Веселье чикилевское было мирное, трезвое и не выходило из правил жизни, предписанных новым пред-домкомом. Сам Петр Горбидоныч имел вид многодумный и таинственный, мало ел, много молчал. «Наслаждайтесь согласно декрету, но не забывайтесь!» — таков был смысл его лица. Именно напряженность чикилевская спасала все дело; без нее свадьба походила бы на живой фельетон об отмирающем быте. Только к концу, чуть разомлев от сознания своего достоинства, Петр Горбидоныч не то чтоб повеселел, а как-то разбудоражился.

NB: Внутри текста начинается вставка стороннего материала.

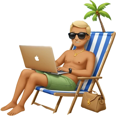 Emoji-style person relaxing on beach chair with laptop and money bag, “$20K” written in sand, sky gradient background, calm and successful tone emoji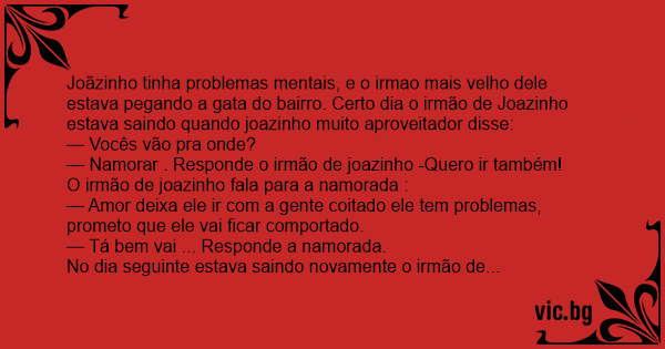 Joãzinho tinha problemas mentais, e o irmao mais velho dele estava pegando a gata do bairro. Certo dia o irmão de Joazinho estava saindo quando joazinho muito aproveitador disse:

— Пейте, друзья! — увещевал он и почти надвое перегибал лицо свое приветливой улыбкой. — Пейте вот это… три с полтиной бутылка! — откровенничал он от преизбытка чувств, а Бундюков тихонечко положил назад яблоко, которое собирался съесть.
— Винцо мадеристое, — сказал гуталиновый король, напиравший по рыбной части.
— Зачем же вы, Петр Горбидоныч, про цену-то говорите, — шепнула Зинка мужу. — Гость и сам понимать должен!
— Характерно, что я вас попрошу не вмешиваться, Зинаида Петровна! — с приятным лицом пробубнил Чикилев.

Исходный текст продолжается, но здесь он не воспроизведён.